::: Listed entries :::
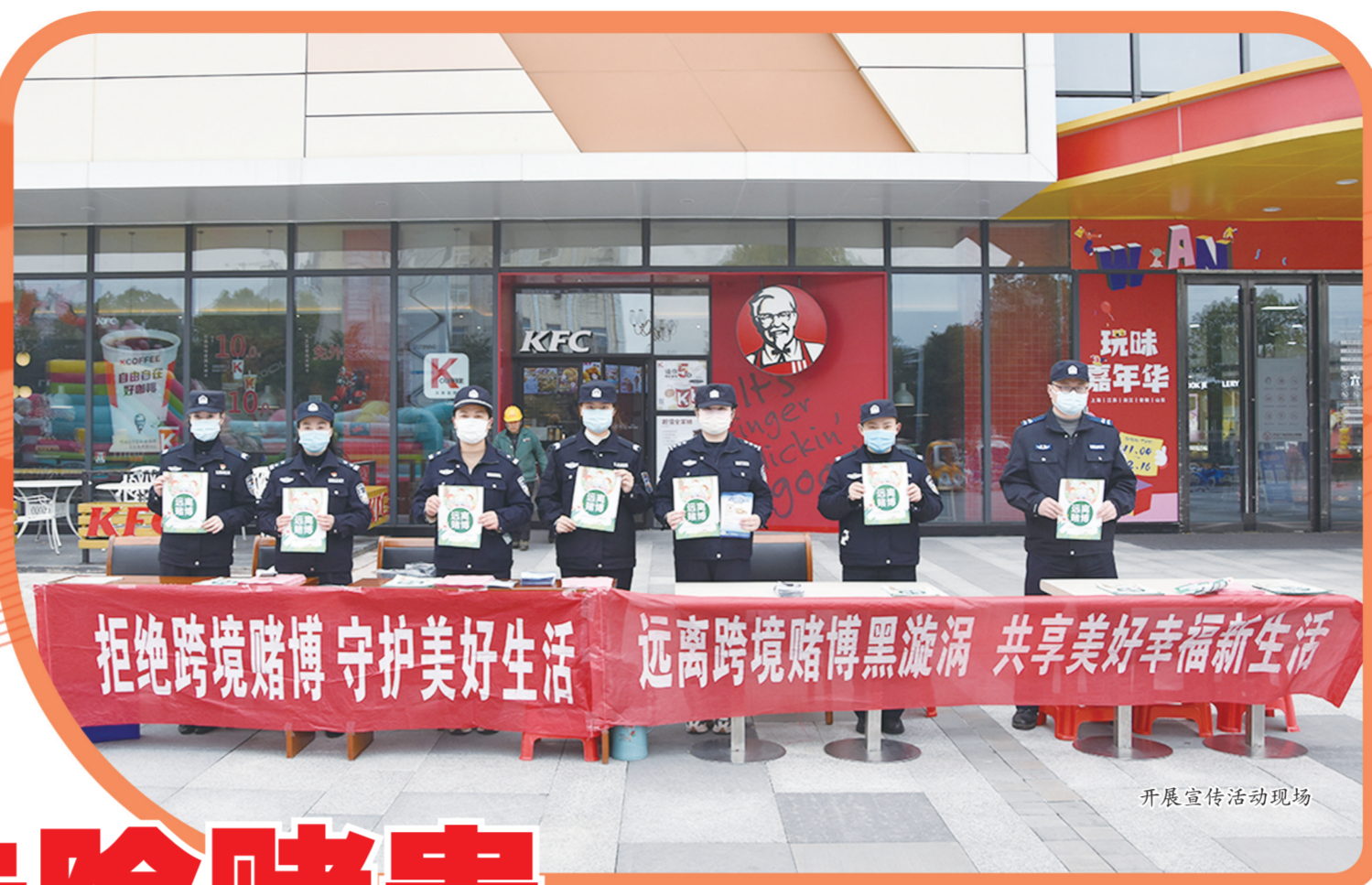
开展宣传活动现场
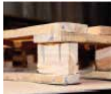
Viditeľné spojovacie prvky, napr. klince alebo skrutky
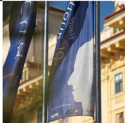
Öffentlichkeitsarbeit und Marketing für das Haydnjahr 2009, Joseph Haydn Burgenland GmbH
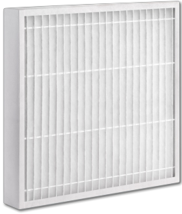
Z-Line Filter, Ausführung NWO
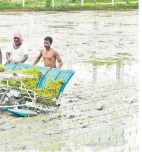
కోడూరులో ట్రాన్స్ ఫార్మర్ల మిషన్తో పరి నాట్లు వేస్తున్న రైతులు
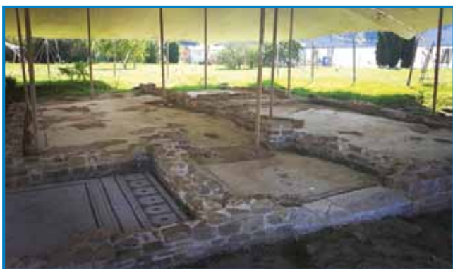
Ostanek rimske vile

Po čem je Izola tako specifično, obalno mesto? Nedvomno po svoji daljnosežni zgodovini, ki ji je pri tem še posebej
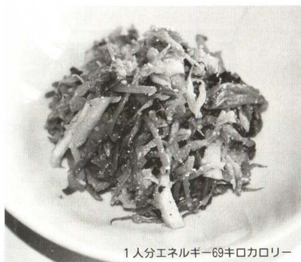
1人分エネルギー69キロカロリー

寒い夜は鍋を囲むのもいいですね。鍋物のはし休めに秋の食菜をふんだんに使ったごまあえはいかがですか。
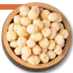
NUCLEOS PARA RECUBRIR 7 KG
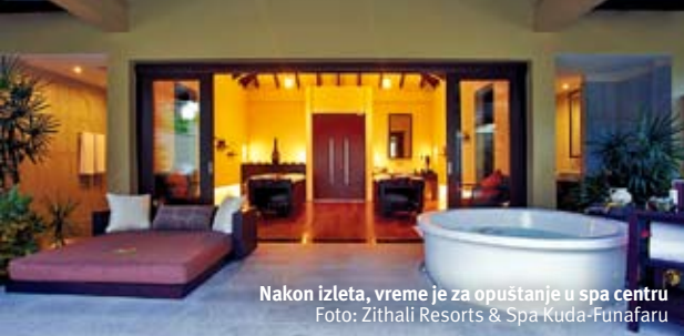
Nakon izleta, vreme je za opuštanje u spa centru
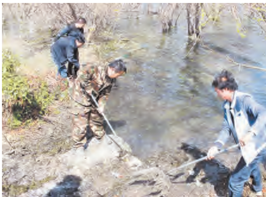
下关镇开展“三清洁”环境卫生整治活动

近日,下关镇组织全镇各村居开展“三清洁”环境卫生整治活动,镇机关干部和村居干部、志愿者以及各挂钩单位的工作人员对全镇辖区内的主要河道、沟渠进行垃圾清理,积极营造一个干净卫生、整洁有序、优美文明的环境。
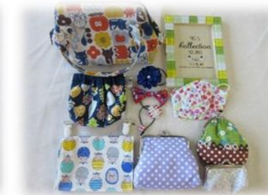
がまぐち・ポーチ等
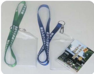
▲ガイドマップがすっぽり入る ネックストラップ!
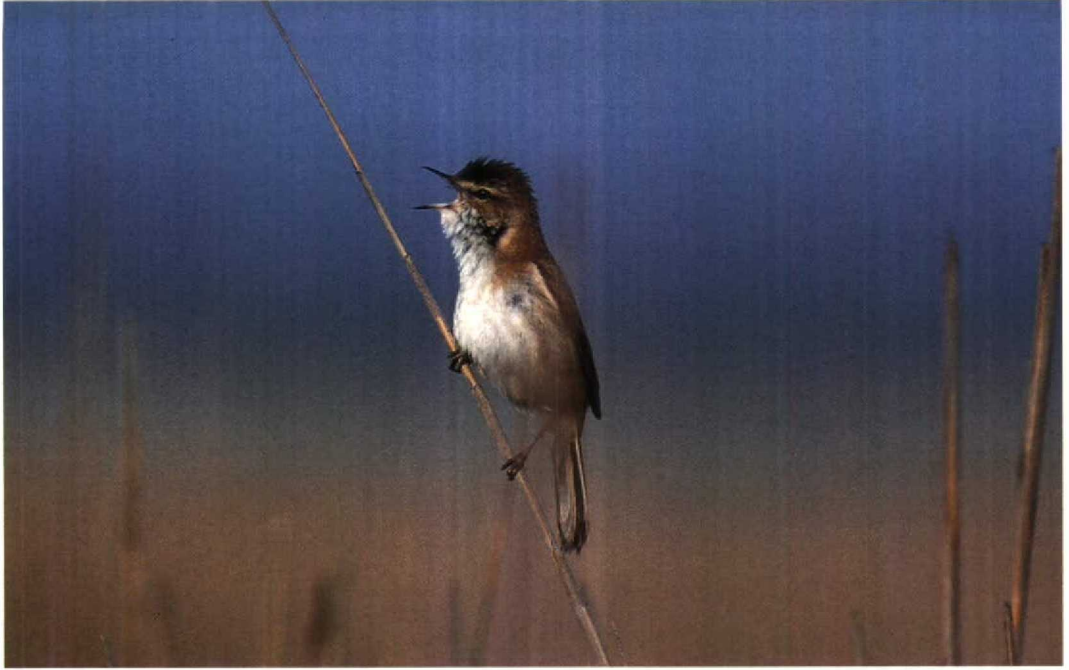
115 Paddyfield Warbler / Veldrietzanger Acrocephalus agricola , Lake Durankulak, Bulgaria, 15 May 1994 (Leo J R Boon)
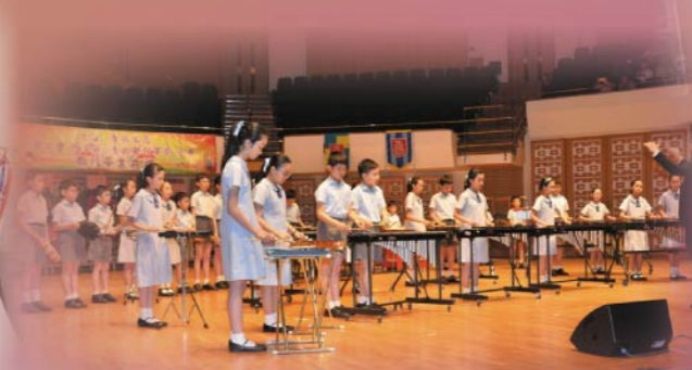
敲擊樂隊榮獲校際音樂節敲擊樂高級組季軍
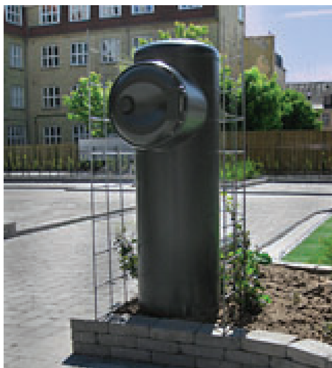
Indkast til affald. Referencebillede fra færdig gårdhave
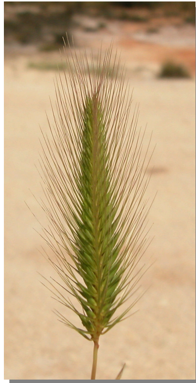
H. marinum . Espiga
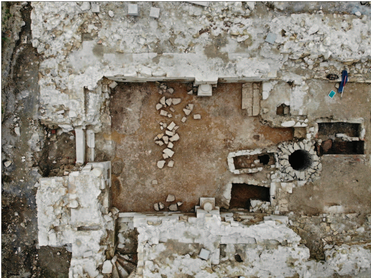
Sl. 2 Urušenje u zapadnome traveju

Fig. 2 Collapsed material in the western nave
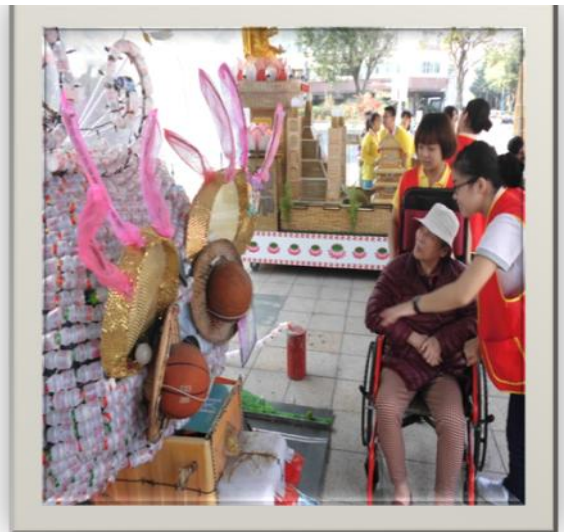
護理之家住民出遊賞燈會
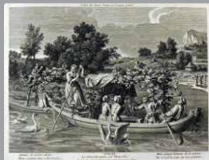
Imagerie de la rue Saint-Jacques (Desnos) Suite complète des douze mois de l'année H. 24 cm L. 32 cm
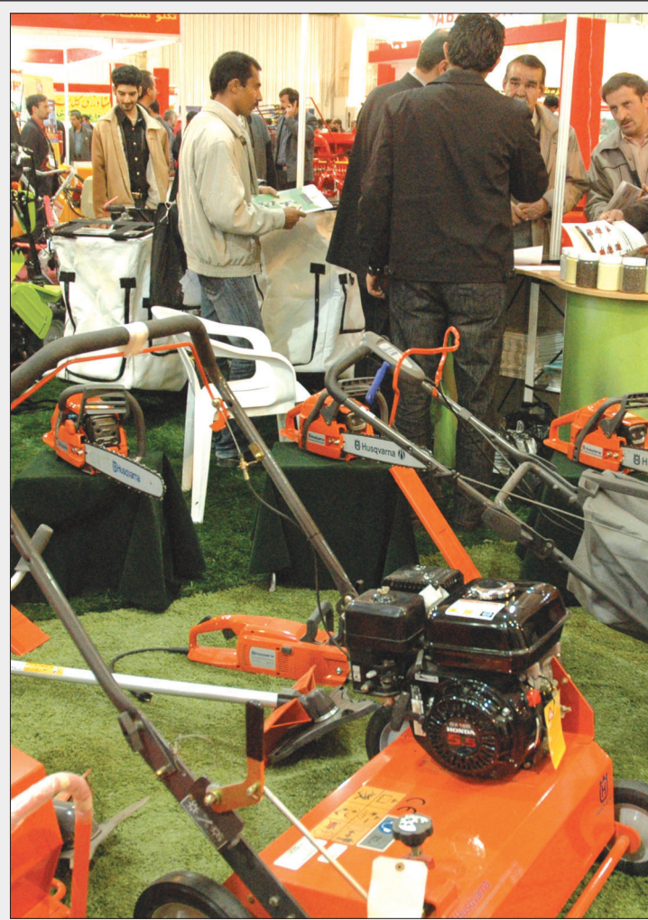
معاون کمک های تجاری سازمان توسعه و تجارت ایران عنوان کرد:
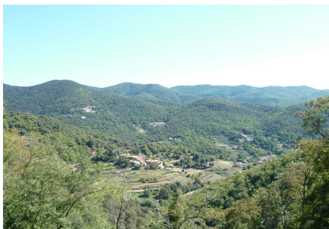
Figure 1 : Paysage de piémont, (© M. Napoléone).

Ces régions présentent des contrastes marqués entre les plaines et l'arrière-pays. Les plaines de grande culture sont fortement urbanisées. Elles concentrent les infrastructures et le développement industriel. La pression foncière y est très forte. Dans l'arrière-pays, distinguons d'une part le piémont, caractérisé par des mosaïques paysagères composées d'espaces naturels ou semi-naturels et de cultures ; et d'autre part des massifs boisés. Ces deux types de territoires sont peu peuplés, souvent enclavés (Figure 1). Ils présentent une
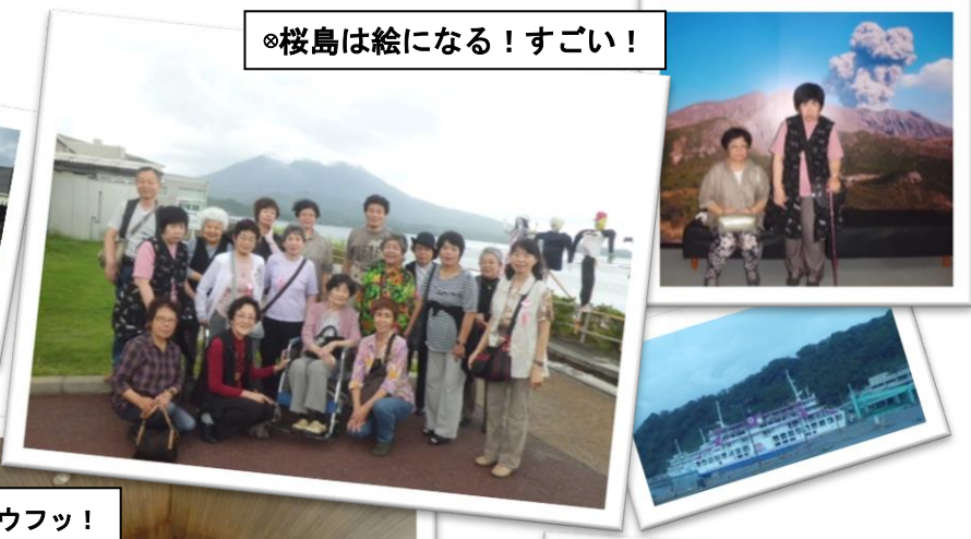
◎桜島は絵になる！すごい！
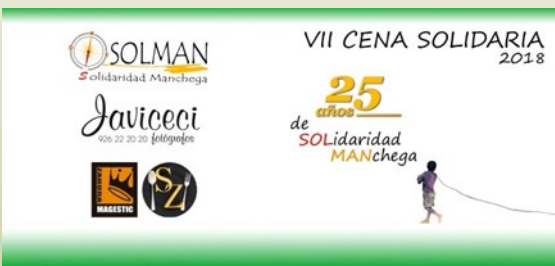
VII Cena Solidaria
:::
[Exercise goal] Your copy should repeat each entry above exactly but contain no pictures.

[Your solution]
开展宣传活动现场
Viditeľné spojovacie prvky, napr. klince alebo skrutky
Öffentlichkeitsarbeit und Marketing für das Haydnjahr 2009, Joseph Haydn Burgenland GmbH
Z-Line Filter, Ausführung NWO
కోడూరులో ట్రాన్స్ ఫార్మర్ల మిషన్తో పరి నాట్లు వేస్తున్న రైతులు
Ostanek rimske vile

Po čem je Izola tako specifično, obalno mesto? Nedvomno po svoji daljnosežni zgodovini, ki ji je pri tem še posebej
1人分エネルギー69キロカロリー

寒い夜は鍋を囲むのもいいですね。鍋物のはし休めに秋の食菜をふんだんに使ったごまあえはいかがですか。
NUCLEOS PARA RECUBRIR 7 KG
Nakon izleta, vreme je za opuštanje u spa centru
下关镇开展“三清洁”环境卫生整治活动

近日,下关镇组织全镇各村居开展“三清洁”环境卫生整治活动,镇机关干部和村居干部、志愿者以及各挂钩单位的工作人员对全镇辖区内的主要河道、沟渠进行垃圾清理,积极营造一个干净卫生、整洁有序、优美文明的环境。
がまぐち・ポーチ等
▲ガイドマップがすっぽり入る ネックストラップ!
115 Paddyfield Warbler / Veldrietzanger Acrocephalus agricola , Lake Durankulak, Bulgaria, 15 May 1994 (Leo J R Boon)
敲擊樂隊榮獲校際音樂節敲擊樂高級組季軍
Indkast til affald. Referencebillede fra færdig gårdhave
H. marinum . Espiga
Sl. 2 Urušenje u zapadnome traveju

Fig. 2 Collapsed material in the western nave
護理之家住民出遊賞燈會
Imagerie de la rue Saint-Jacques (Desnos) Suite complète des douze mois de l'année H. 24 cm L. 32 cm
معاون کمک های تجاری سازمان توسعه و تجارت ایران عنوان کرد:
Figure 1 : Paysage de piémont, (© M. Napoléone).

Ces régions présentent des contrastes marqués entre les plaines et l'arrière-pays. Les plaines de grande culture sont fortement urbanisées. Elles concentrent les infrastructures et le développement industriel. La pression foncière y est très forte. Dans l'arrière-pays, distinguons d'une part le piémont, caractérisé par des mosaïques paysagères composées d'espaces naturels ou semi-naturels et de cultures ; et d'autre part des massifs boisés. Ces deux types de territoires sont peu peuplés, souvent enclavés (Figure 1). Ils présentent une
◎桜島は絵になる！すごい！
VII Cena Solidaria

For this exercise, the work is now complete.